Мельваса бросило в жар. Он быстро вышел вперед.
— Рано радуешься. Проиграй сейчас, и я еще посмеюсь, бросив тебя в жертвенный огонь, драконий ублюдок!
— Рассказывай драконам об огне! — насмешливо воскликнул я. — Валяй, пока можешь!
На всякий случай, чтобы камень не оставался без присмотра и в суматохе не был поврежден, Олаф прошел к нему и нахально уселся на алтарь. Похоже, мы вчетвером еще сыграем во всадников Апокалипсиса. Бедный этот мир. Впрочем, намного хуже ему уже не станет.
Мельвас свалял дурака решив подраться.

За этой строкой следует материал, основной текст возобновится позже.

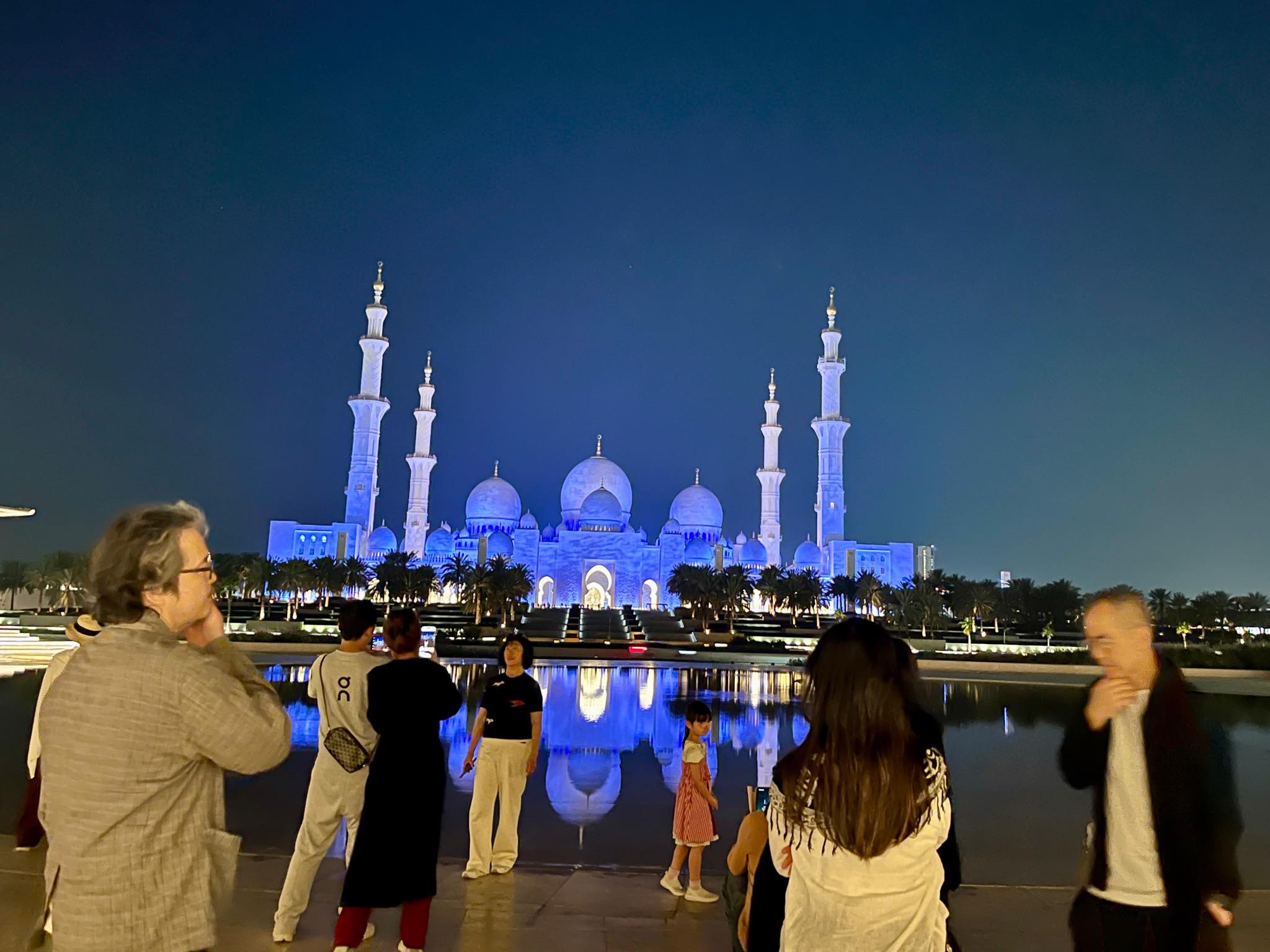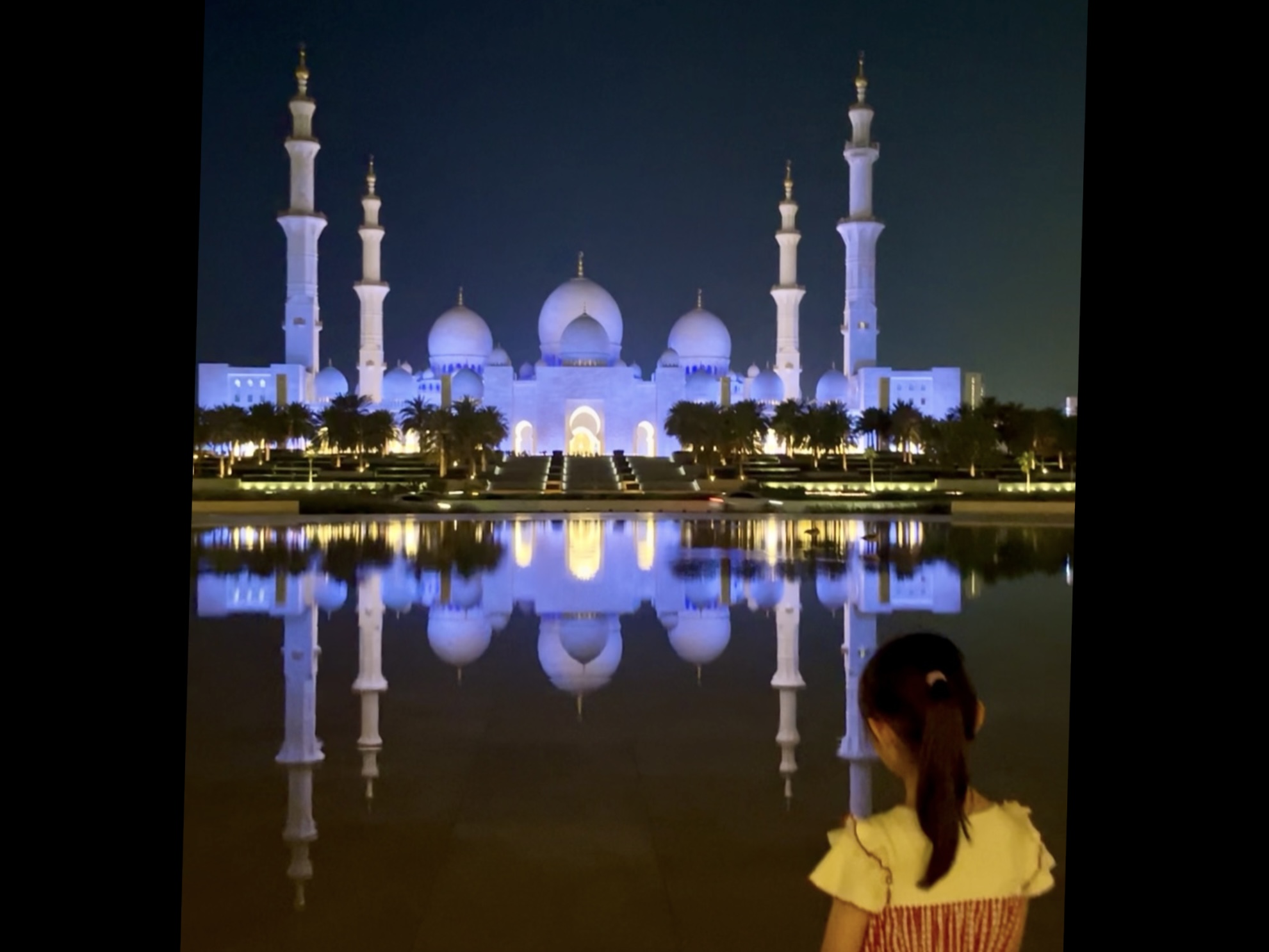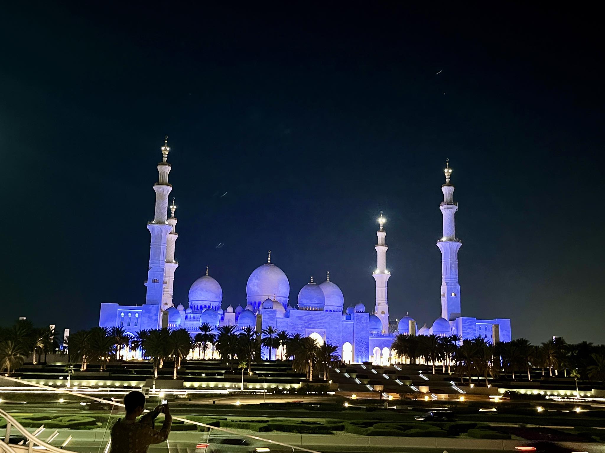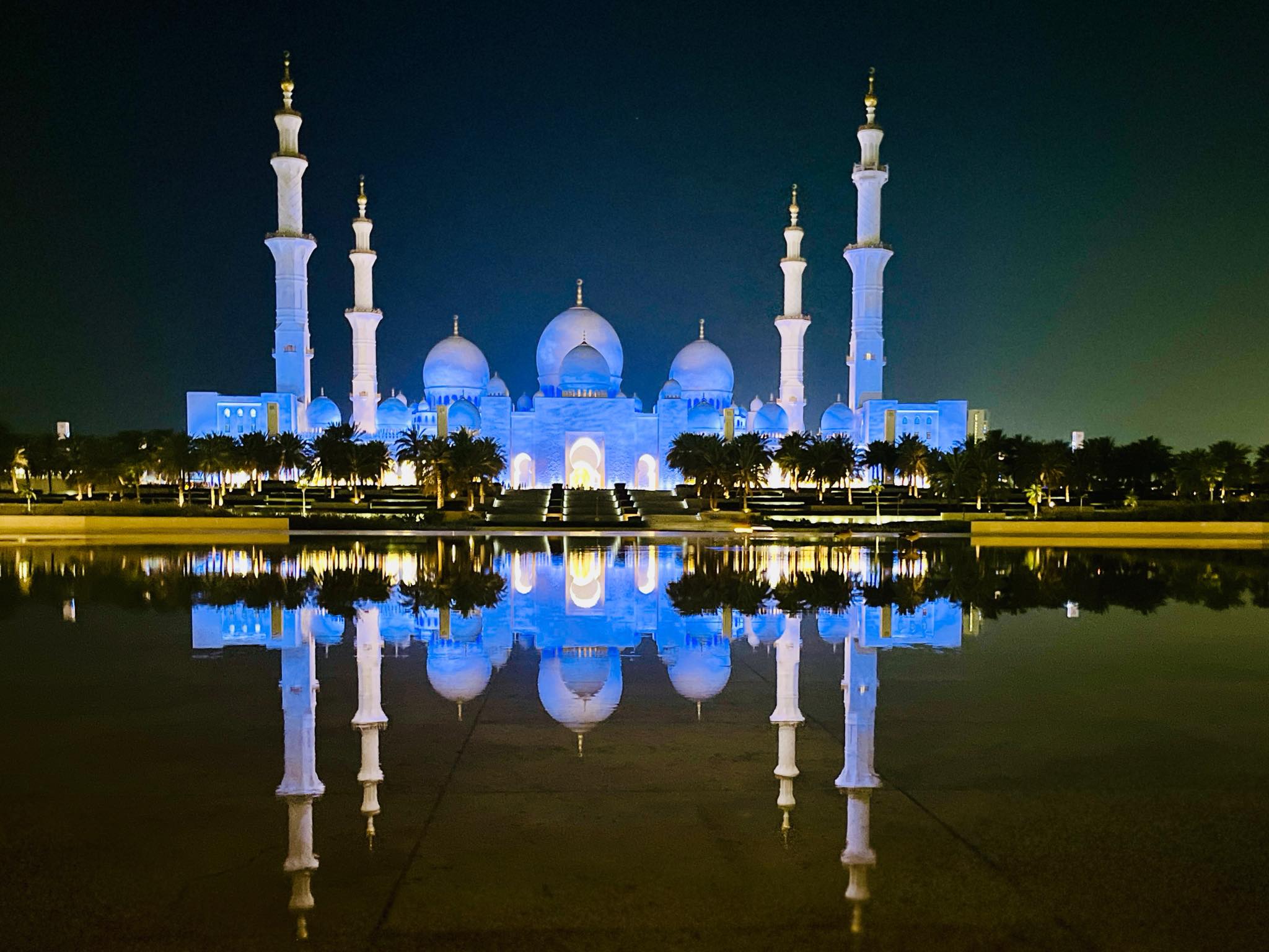 昼間のモスクも美しいですが、ライトアップされた夜のモスクも綺麗!

Даже светлая память Галапаса ему не помогла. Правда, настроение у меня было сегодня отнюдь не мрачное — ему повезло. Несколько минут он яростно бился как муха в стекло, использовав и несколько удивительно подлых трюков по этим временам, но цели так и не достиг, добившись лишь появления пены в углах своего рта. То, что было написано на его лице, больше всего напоминало помешательство. Действительно — строить такие планы, всю жизнь утверждать свою власть и образ мыслей, добиваться расположения богов, иметь тому неопровержимые свидетельства в раскатах грома, гремящего точно вовремя, быть сильнейшим или одним из таковых, внушать страх, и вдруг — словно налететь на каменную стену в тот момент, когда можно было бы получить почти все… Даже жутко представить, что можно при этом чувствовать. Впрочем, те кого он обычно давил по дороге, тоже от радости не прыгали.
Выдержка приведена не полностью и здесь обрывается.